Without the pictures, output the lines of the material from the very first through the one that holds "二人が共演する『二人椀久』は".

(Source data)
- - - - - - -

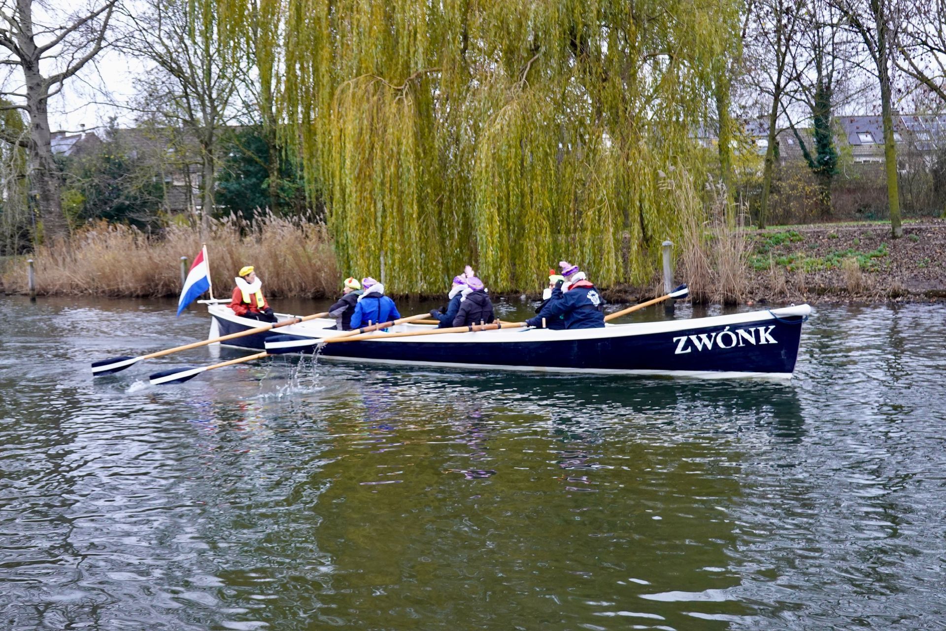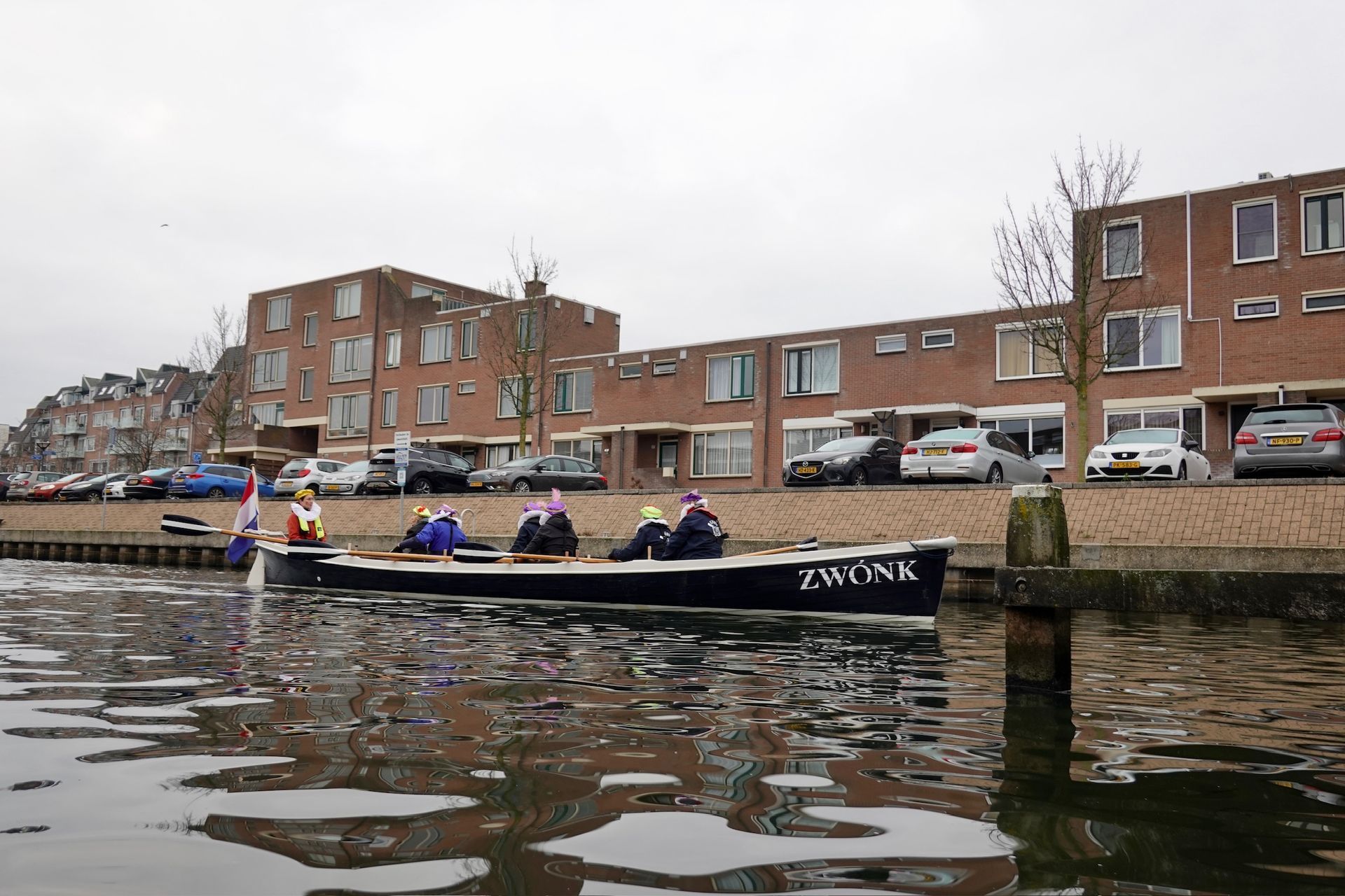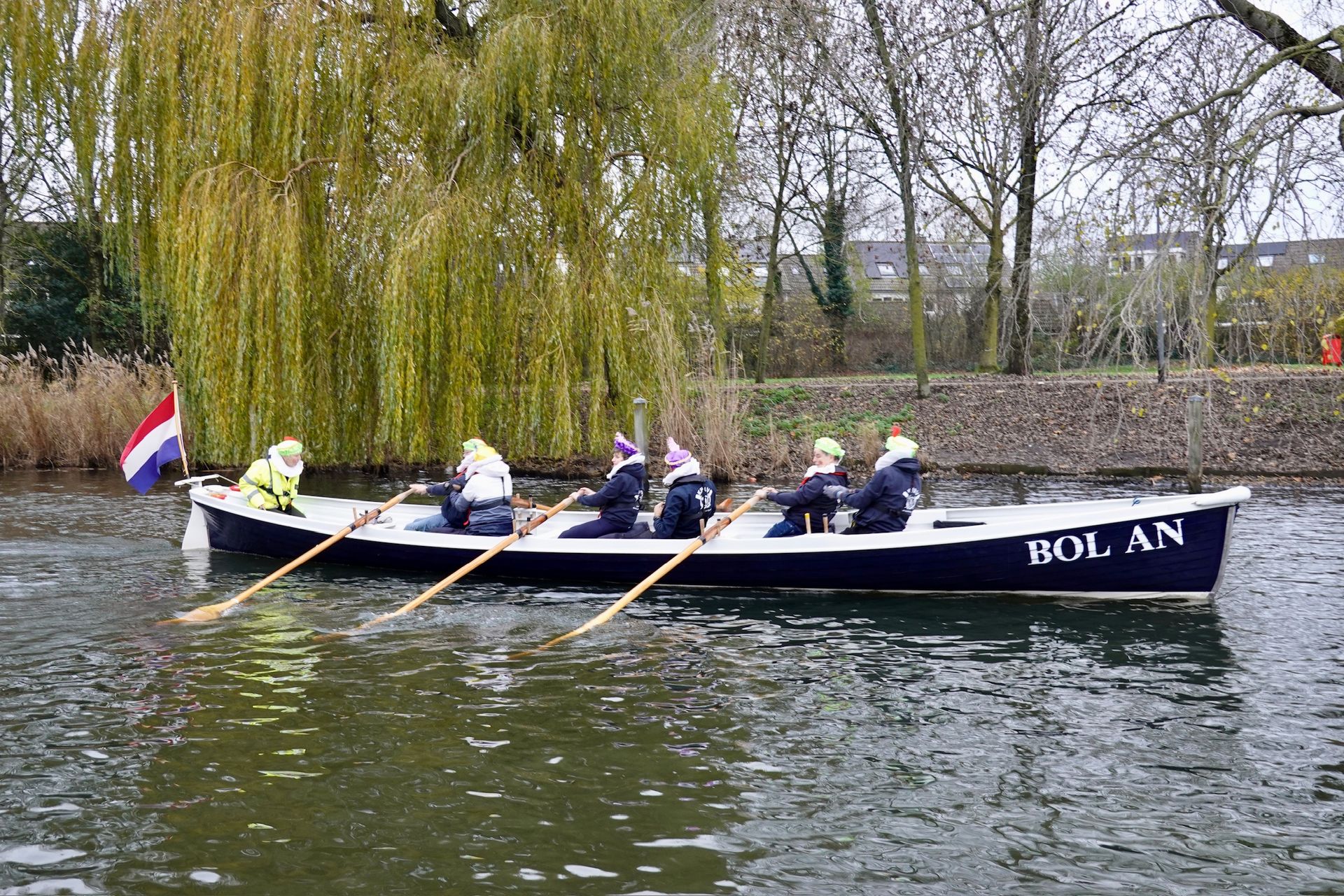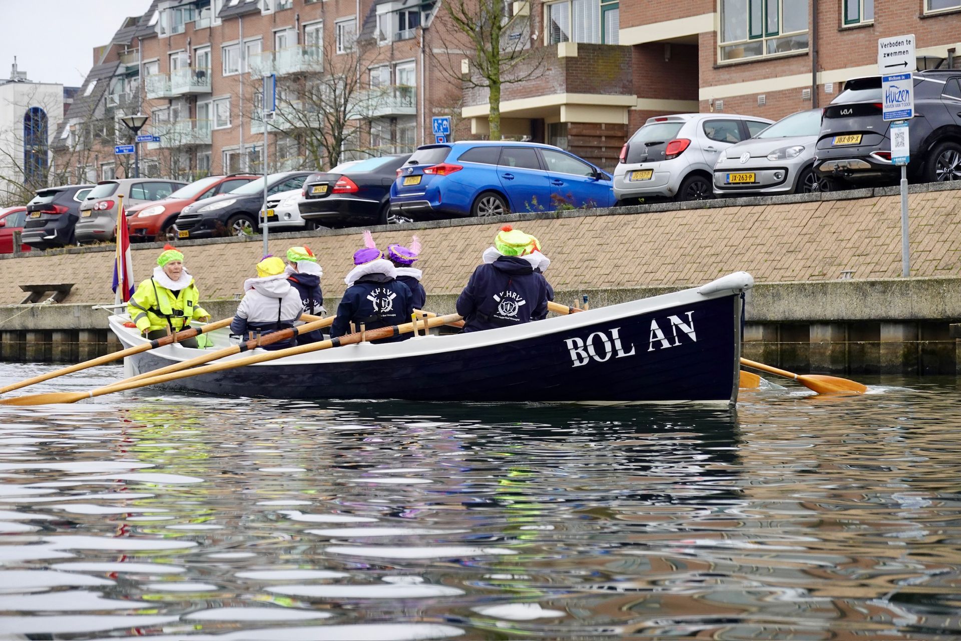 De traditionele roeiboten trokken al van verre de aandacht. Terwijl de pieten in strak ritme de riemen door het water haalden, klonk er gezang, gelach en af en toe het kenmerkende geluid van een zak pepernoten die werd opgeschud. Toeschouwers langs de kade zwaaiden enthousiast, en vooral kinderen keken vol verwondering naar het vrolijke schouwspel op het water.
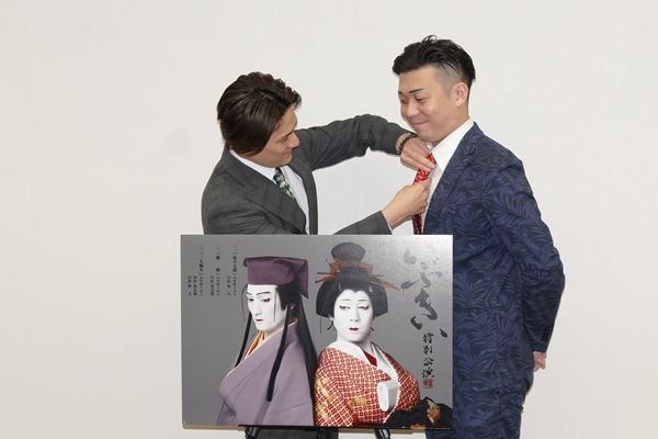 二人が共演する『二人椀久』は、幻想的な逢瀬を描いた人気演目で「諸先輩方の様々な名コンビで世界観が築かれてきた。ぜひ隼人さんと一緒に、僕たちだからこその世界を築き上げたい。同級生で、いろんなことを遠慮なく言えますし」(児太郎)、「幻想的で夢のような世界観が魅力。恋焦がれて、恋に狂った男の話ですから、児太郎君を愛しすぎて、演じられれば」(隼人)と深い“絆”に期待感。お互いの関係性を問われると、「いい意味でライバル視していたし、隼人さんが頑張れば、自分も頑張る。一番認めてほしいと思う人」(児太郎)、「継承の重圧に、真摯に向き合う姿を見て、僕も頑張らないといけないと思う。刺激をくれる存在で、彼がいなければ、今の僕もいない」(隼人)と全幅の信頼を寄せあった。写真撮影では隼人が、児太郎の曲がったネクタイを直してあげる微笑ましい場面もあり、早くも息の合った姿を見せていた。
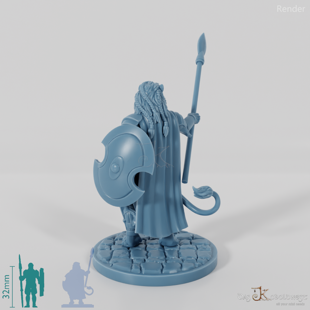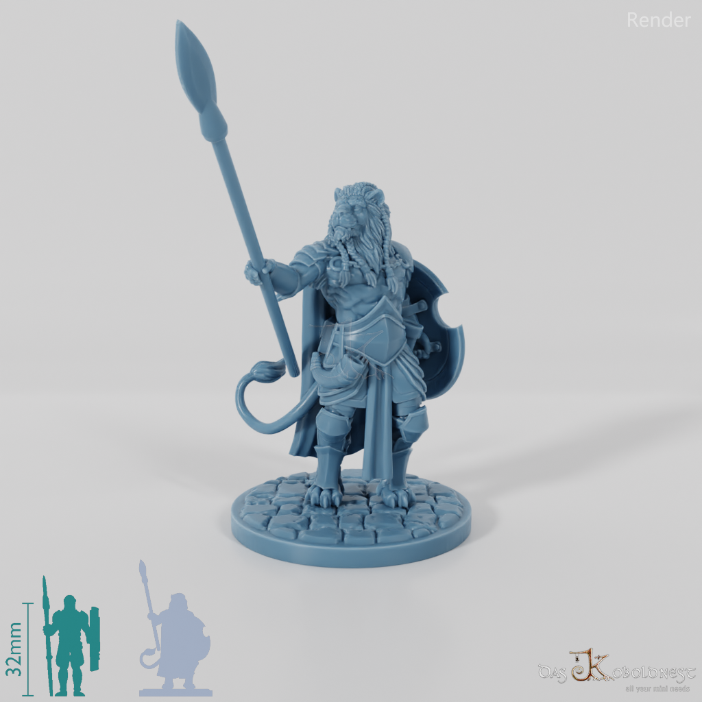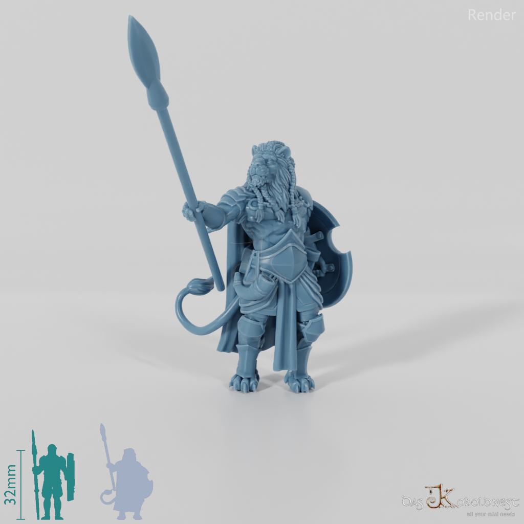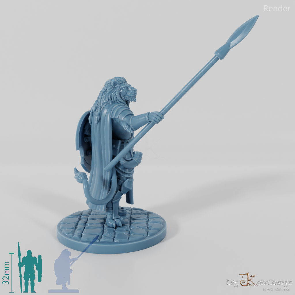 Löwenmensch mit geflochtener Mähne, der mit Plattenrüstung, Speer und Schild ausgestattet ist Modell wahlweise mit oder ohne gestaltete 25mm-Base verfügbar.
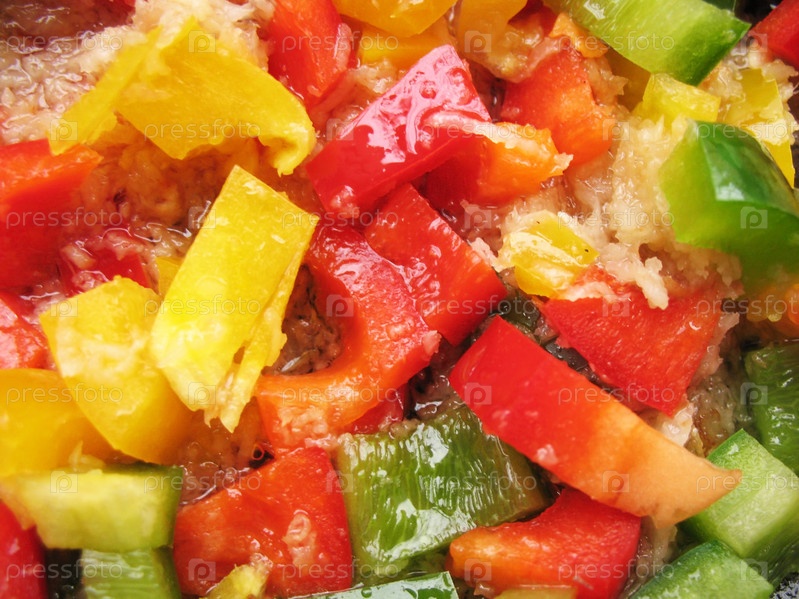 Желтый, красный и зеленый перец болгарский в сковороде. Нарезка. Кубики

- - - - - - -

(Expected answer)
 De traditionele roeiboten trokken al van verre de aandacht. Terwijl de pieten in strak ritme de riemen door het water haalden, klonk er gezang, gelach en af en toe het kenmerkende geluid van een zak pepernoten die werd opgeschud. Toeschouwers langs de kade zwaaiden enthousiast, en vooral kinderen keken vol verwondering naar het vrolijke schouwspel op het water.
 二人が共演する『二人椀久』は、幻想的な逢瀬を描いた人気演目で「諸先輩方の様々な名コンビで世界観が築かれてきた。ぜひ隼人さんと一緒に、僕たちだからこその世界を築き上げたい。同級生で、いろんなことを遠慮なく言えますし」(児太郎)、「幻想的で夢のような世界観が魅力。恋焦がれて、恋に狂った男の話ですから、児太郎君を愛しすぎて、演じられれば」(隼人)と深い“絆”に期待感。お互いの関係性を問われると、「いい意味でライバル視していたし、隼人さんが頑張れば、自分も頑張る。一番認めてほしいと思う人」(児太郎)、「継承の重圧に、真摯に向き合う姿を見て、僕も頑張らないといけないと思う。刺激をくれる存在で、彼がいなければ、今の僕もいない」(隼人)と全幅の信頼を寄せあった。写真撮影では隼人が、児太郎の曲がったネクタイを直してあげる微笑ましい場面もあり、早くも息の合った姿を見せていた。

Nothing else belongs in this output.